From the entries below, please output exactly the lines starting at the one containing "Використовуючи наведені в" and ending at the one containing "Enhance your Mailbox", both included.

__RECORDS FOR THE EXERCISE__
+ + + + + + +

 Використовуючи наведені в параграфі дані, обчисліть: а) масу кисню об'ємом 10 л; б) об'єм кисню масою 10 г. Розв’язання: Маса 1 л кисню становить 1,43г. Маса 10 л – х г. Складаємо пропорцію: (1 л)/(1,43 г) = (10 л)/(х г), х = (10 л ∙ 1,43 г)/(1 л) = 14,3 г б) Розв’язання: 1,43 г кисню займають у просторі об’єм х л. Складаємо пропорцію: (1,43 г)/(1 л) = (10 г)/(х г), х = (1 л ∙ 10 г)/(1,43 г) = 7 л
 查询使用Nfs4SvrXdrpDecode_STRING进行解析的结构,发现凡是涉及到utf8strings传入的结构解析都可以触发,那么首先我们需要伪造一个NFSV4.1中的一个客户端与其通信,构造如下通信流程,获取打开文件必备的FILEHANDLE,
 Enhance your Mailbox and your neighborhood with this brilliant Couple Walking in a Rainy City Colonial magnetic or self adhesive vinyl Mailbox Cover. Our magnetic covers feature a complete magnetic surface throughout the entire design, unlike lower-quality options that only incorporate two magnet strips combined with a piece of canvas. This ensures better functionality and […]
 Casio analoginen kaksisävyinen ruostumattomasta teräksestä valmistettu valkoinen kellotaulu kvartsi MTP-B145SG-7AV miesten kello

+ + + + + + +

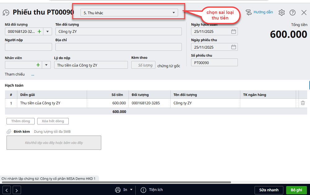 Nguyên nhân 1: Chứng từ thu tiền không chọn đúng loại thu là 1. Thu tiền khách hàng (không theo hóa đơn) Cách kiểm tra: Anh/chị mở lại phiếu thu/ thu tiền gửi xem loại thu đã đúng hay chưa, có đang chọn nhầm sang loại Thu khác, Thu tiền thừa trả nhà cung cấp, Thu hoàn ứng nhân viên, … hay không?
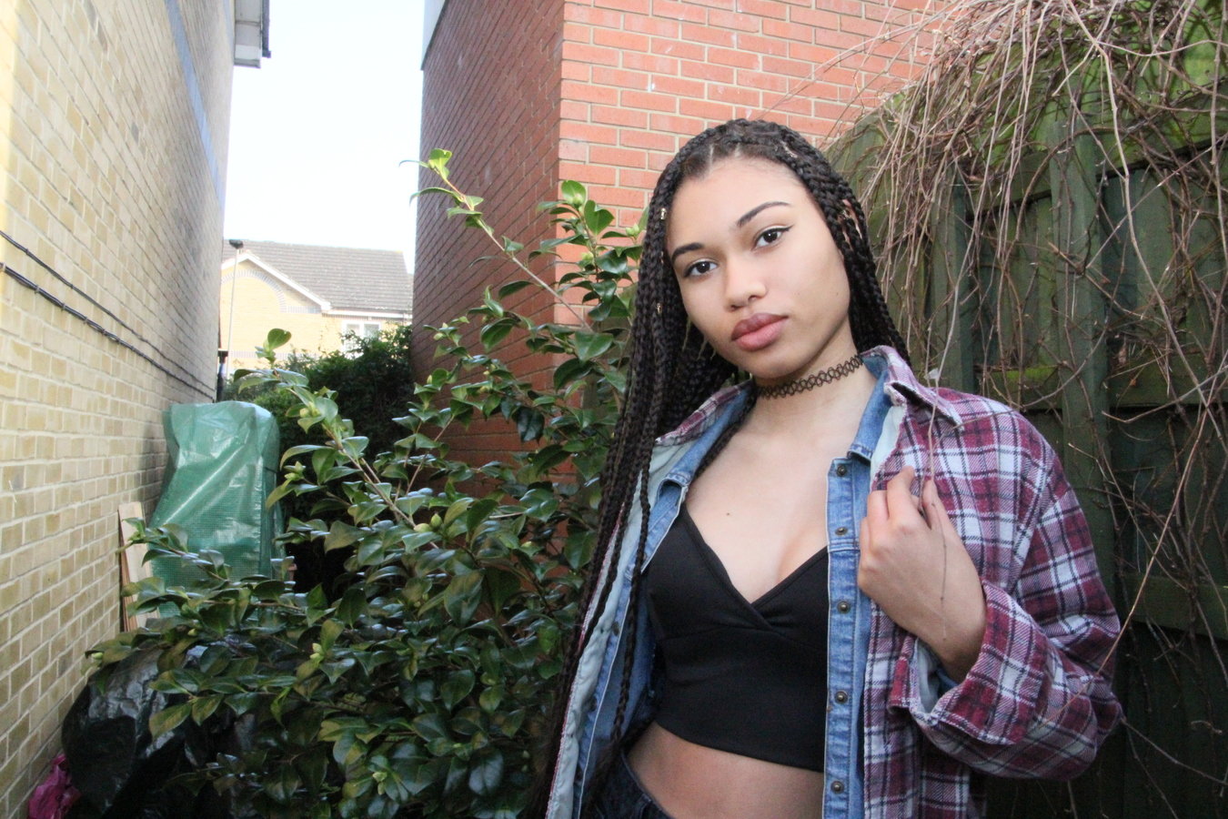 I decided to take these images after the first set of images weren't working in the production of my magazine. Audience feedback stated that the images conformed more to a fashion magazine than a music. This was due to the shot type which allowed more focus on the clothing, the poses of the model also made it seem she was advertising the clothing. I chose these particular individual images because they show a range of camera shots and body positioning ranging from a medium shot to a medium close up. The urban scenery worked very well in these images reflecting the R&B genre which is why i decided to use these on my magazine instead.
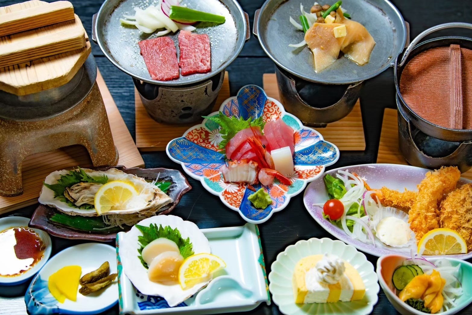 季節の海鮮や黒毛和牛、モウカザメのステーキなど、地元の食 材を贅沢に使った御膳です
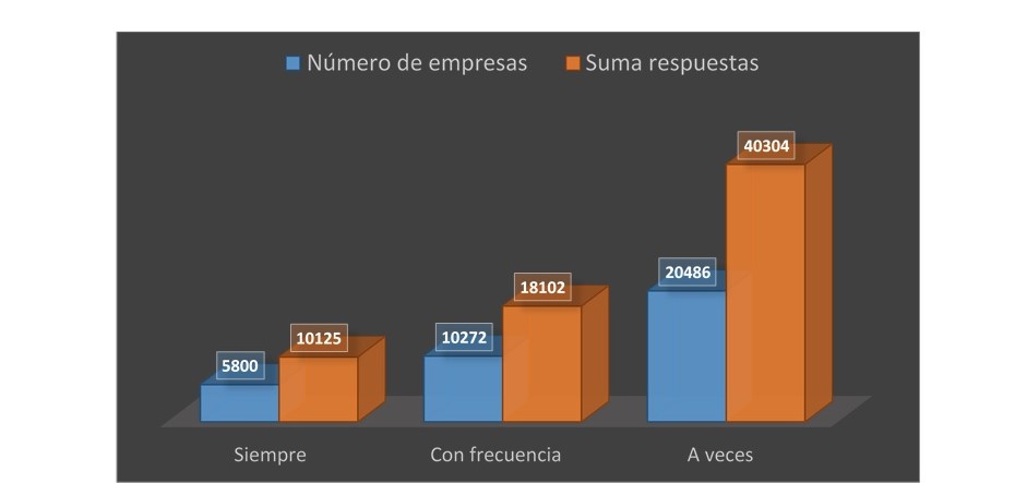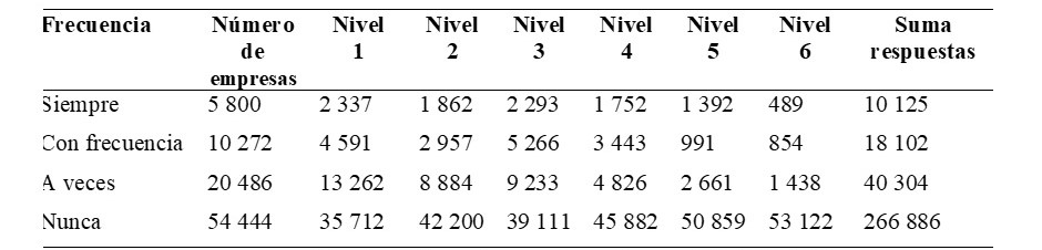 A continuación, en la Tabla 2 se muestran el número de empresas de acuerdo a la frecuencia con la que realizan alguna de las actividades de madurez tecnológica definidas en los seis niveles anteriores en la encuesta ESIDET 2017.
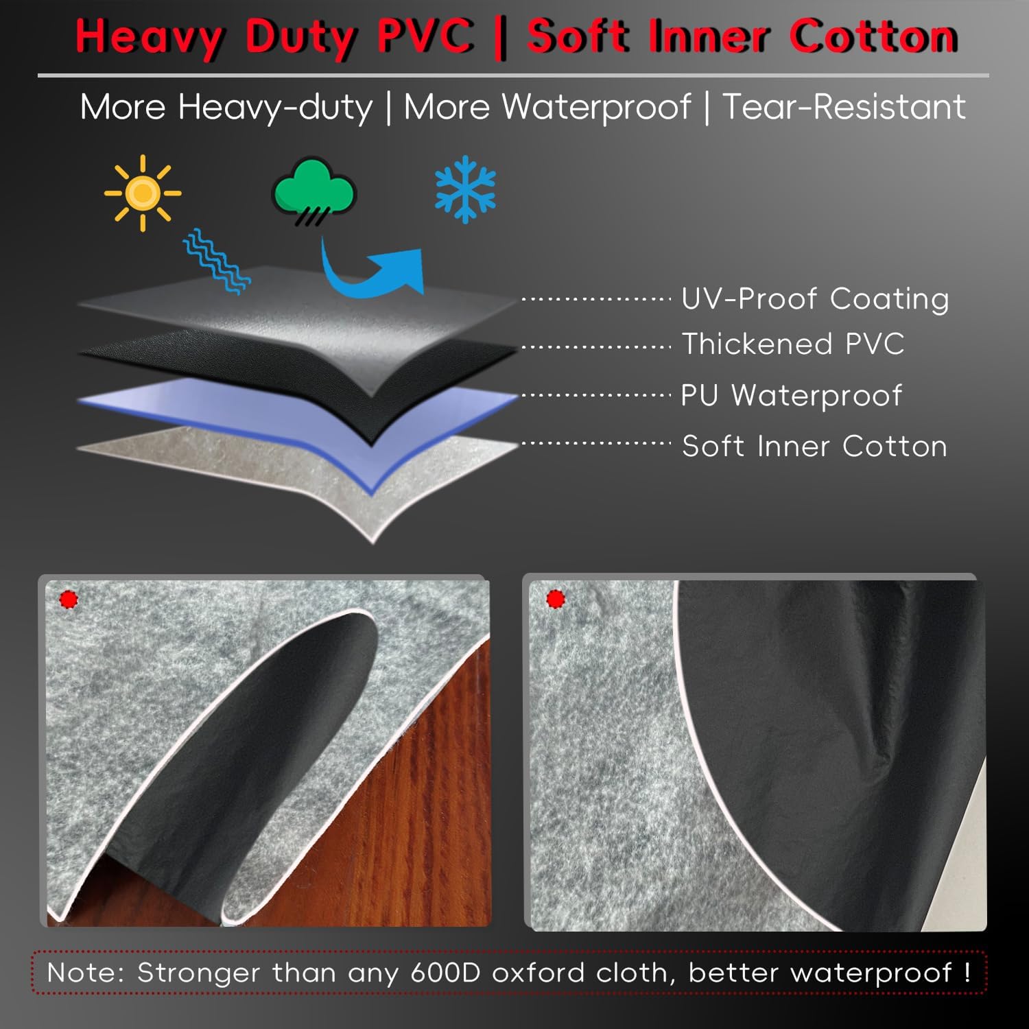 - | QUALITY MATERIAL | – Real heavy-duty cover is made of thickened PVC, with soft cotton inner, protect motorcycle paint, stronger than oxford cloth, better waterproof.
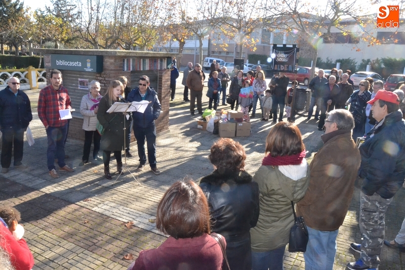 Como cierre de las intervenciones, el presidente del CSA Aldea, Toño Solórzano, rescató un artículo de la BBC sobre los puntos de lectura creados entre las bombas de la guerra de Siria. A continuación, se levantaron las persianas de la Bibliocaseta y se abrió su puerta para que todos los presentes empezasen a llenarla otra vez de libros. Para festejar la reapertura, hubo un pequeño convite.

+ + + + + + +

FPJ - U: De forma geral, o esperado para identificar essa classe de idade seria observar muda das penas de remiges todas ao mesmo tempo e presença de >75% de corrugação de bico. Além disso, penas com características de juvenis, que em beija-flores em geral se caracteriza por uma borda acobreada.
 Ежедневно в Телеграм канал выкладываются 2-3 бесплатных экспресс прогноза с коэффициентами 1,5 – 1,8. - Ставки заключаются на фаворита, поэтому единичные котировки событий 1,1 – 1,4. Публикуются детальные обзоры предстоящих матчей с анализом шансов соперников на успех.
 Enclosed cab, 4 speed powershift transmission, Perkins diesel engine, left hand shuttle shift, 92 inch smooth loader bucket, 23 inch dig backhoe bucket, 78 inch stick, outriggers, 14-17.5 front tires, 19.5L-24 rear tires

+ + + + + + +

__ANSWER TO THE PROBLEM__
 Використовуючи наведені в параграфі дані, обчисліть: а) масу кисню об'ємом 10 л; б) об'єм кисню масою 10 г. Розв’язання: Маса 1 л кисню становить 1,43г. Маса 10 л – х г. Складаємо пропорцію: (1 л)/(1,43 г) = (10 л)/(х г), х = (10 л ∙ 1,43 г)/(1 л) = 14,3 г б) Розв’язання: 1,43 г кисню займають у просторі об’єм х л. Складаємо пропорцію: (1,43 г)/(1 л) = (10 г)/(х г), х = (1 л ∙ 10 г)/(1,43 г) = 7 л
 查询使用Nfs4SvrXdrpDecode_STRING进行解析的结构,发现凡是涉及到utf8strings传入的结构解析都可以触发,那么首先我们需要伪造一个NFSV4.1中的一个客户端与其通信,构造如下通信流程,获取打开文件必备的FILEHANDLE,
 Enhance your Mailbox and your neighborhood with this brilliant Couple Walking in a Rainy City Colonial magnetic or self adhesive vinyl Mailbox Cover. Our magnetic covers feature a complete magnetic surface throughout the entire design, unlike lower-quality options that only incorporate two magnet strips combined with a piece of canvas. This ensures better functionality and […]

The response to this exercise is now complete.